# Gibraltar



## Pollie (Jun 27, 2008)

Can anyone help by recommending a camp site/aire for us to visit Gibraltar from without moving the van please?


----------



## lafree (Dec 31, 2007)

We were in Gib in mid November and parked about 400 yds from the border post in la linea it was a car park with other campers parked there some for several days no charge was made, we also saw campers on Gib at Europa point.Don't forget to fill up with fuel if you cross the border diesel was 67 pence per litre in Nov 09.
Lafree


----------



## AndrewandShirley (Oct 13, 2007)

We too saw loads of vans in the car park just passed the border point.

But there were also some large m/h sized places to park about 800 yards further on, down a road to your left adj to the football cum athletics stadium. 
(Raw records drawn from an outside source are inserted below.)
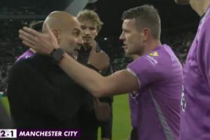 瓜帥點贊瓜迪奧拉賽后找主裁握手交流,瓜帥向主裁豎起大拇指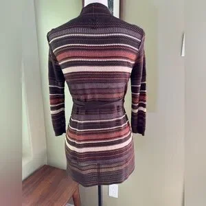Perfect fall knit cardigan with a striped pattern and built in belt. Sweater is in excellent condition, except for a tiny snag on the belt (also shown with a piece of fuzz, sorry about that🫠). Is missing the care tag. Was supposedly worn by an actor on the show The Cleaning Lady (I myself bought it from the prop sale for the show here in Albuquerque). Smoke free home; ships same or next business day. *Listing as a small based on measurements*
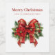 Festive Red and Gold Christmas Bow Weinetikett
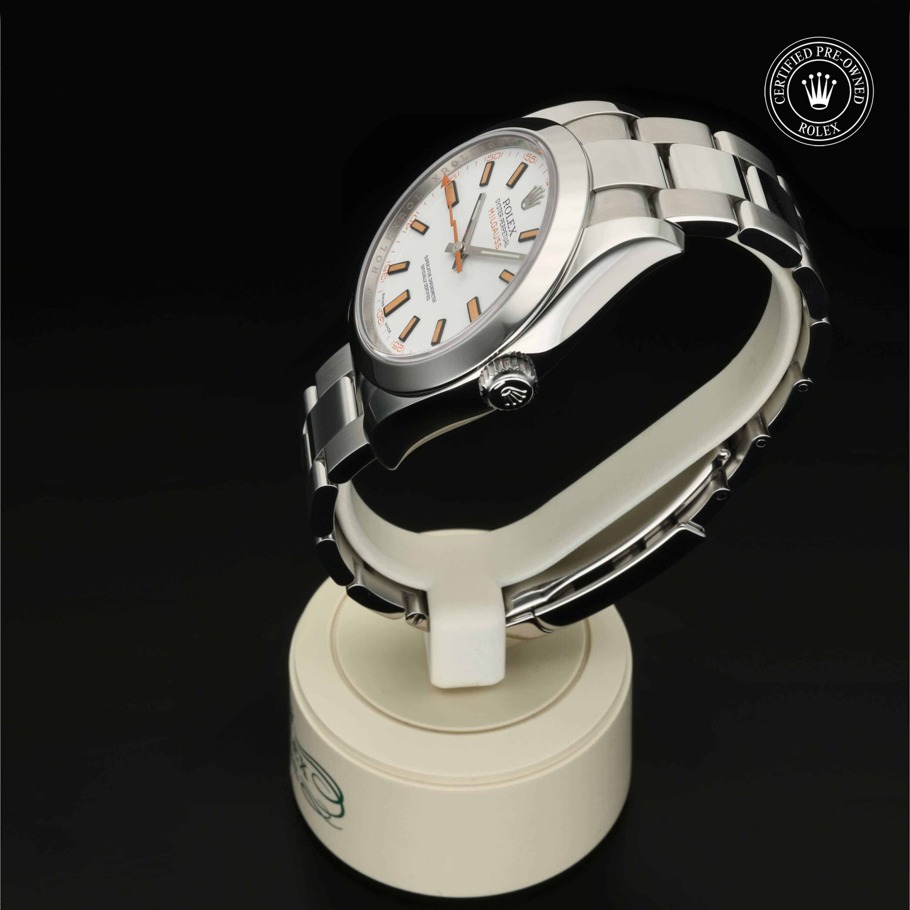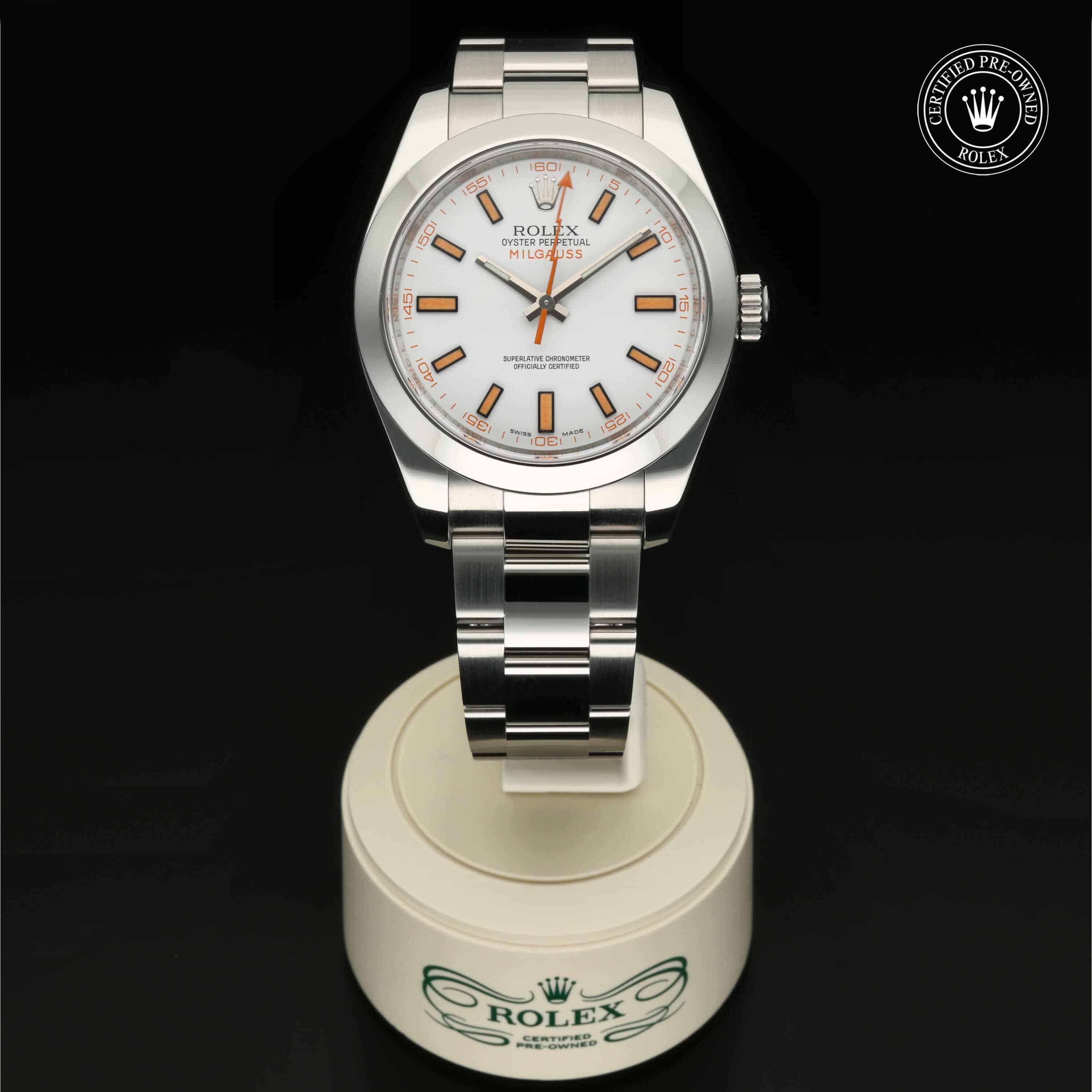 Die 1956 vorgestellte Oyster Perpetual Milgauss ist eine innovative Armbanduhr mit amagnetischen Eigenschaften und wurde für jene entwickelt, die in ihrem beruflichen Umfeld magnetischen Störeinflüssen ausgesetzt sind, die mechanische Uhren beeinträchtigen können. Es galt, eine Uhr zu entwickeln, die starken Magnetfeldern bis zu 1.000 Gauß standhalten konnte – einer alten Maßeinheit für magnetische Induktion, daher ihr Name (mille ist das französische Wort für tausend). Diese Uhr verdankt ihre außergewöhnliche chronometrische Leistung einem patentierten Magnetschirm, der das Uhrwerk schützt.

Failing that there was an Info place opp the border point, who had info on things to do in Spain. Recommended a very good bar!


----------



## DTPCHEMICALS (Jul 24, 2006)

Fafree,
beat me to it.
If you go on the island trip don`t let the apes grab your bags.

Dave p


----------



## pippin (Nov 15, 2007)

Gibraltar is not an island it is a promontory connected to the mainland by an isthmus - try saying that if you lithp!!


----------



## Manchego (Sep 26, 2009)

I don't know a site nearby, there is one just at the top of the access road to La Linea but everyone tells me it's a dump. It's always worth taking the van into gib and filling up with fuel and shopping at Morrisons. I filled to the brim this week at 67.5p a litre. Morrisons allow you a flexible 3 hours parking which i have always found to be enough to do my shopping. By the way the cafe in Morrisons is very good, i always have a breakfast there. It always best to get out by mid afternoon before the queue builds up with everyone leaving work. After leaving gib you can always park on the rough ground to the right. A lot of people park up there overnight and it nows seems to be accepted, but a couple of years ago you were told to move on. If i am just going to walk in i park to the left of the border crossing, by the big Iberostar hotel. It's parking meters but if you put 2 euro's in the attendant is quite happy for you to park all day for that. These area's are pretty safe put bear in mind that La Linea is quite a dodgy place, for instance it has 30% unemployment so just use your common sense and be careful.


----------



## StanDup (Sep 12, 2008)

We have stayed on Camping SurEuropa.

Some information on a previous posting http://www.motorhomefacts.com/ftopict-52024-camp.html+site+gibraltar


----------